The generic parameters in with_attribute allow users to pass different collections of attributes and I think it's handy but not performant. We have the following method to allow users to use OrderMap as parameter and avoid any allocation when building the SpanBuilder

    pub fn with_attributes_map(self, attributes: OrderMap<Key, Value>) -> Self {
        SpanBuilder {
            attributes: Some(attributes),
            ..self
        }
    }

Not to mention that it may extend while iterating, thus allocating, free, and re-allocating before it builds the entire map

Depends on the implementation of the iterator but most of the iterators from bounded collection will implement the size_hint method, which can help OrderMap pre-allocate the memory

For the cases when a callsite builds many spans, but wants to record the same initial attributes for all of them, it would make more sense for the callsite to allocate the attribute map once, pass it by reference, then defer the above assignment of those attributes into the SpanData when/if the Span is selected for recording. The allocation behavior will end up being no different than current case if every span is recorded, but it will be far less if not every span is recorded.

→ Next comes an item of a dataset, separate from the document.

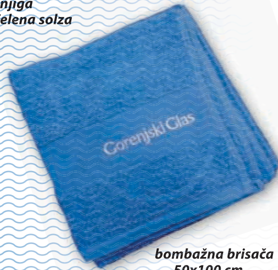
bombažna brisača 50x100 cm

Popust in darilo veljata le za fizične osebe. Daril ne pošiljamo po pošti. Količina daril je omejena.

Yeah I do agree if users are building multiple spans with the same attributes at the same time having a reference is more performant. However in cases where the users only build one span at the callsite. Having a reference means creating a recorded span that needs to clone the attributes

[davidbarsky]

The devil is in the details, but a lot of the discussion here (especially with regard to lazy formatting and avoidance of allocations) is why tracing is designed the way that it is.

(I won't weight in here directly as my opinion isn't really important, but I obviously think that tracing is useful prior art.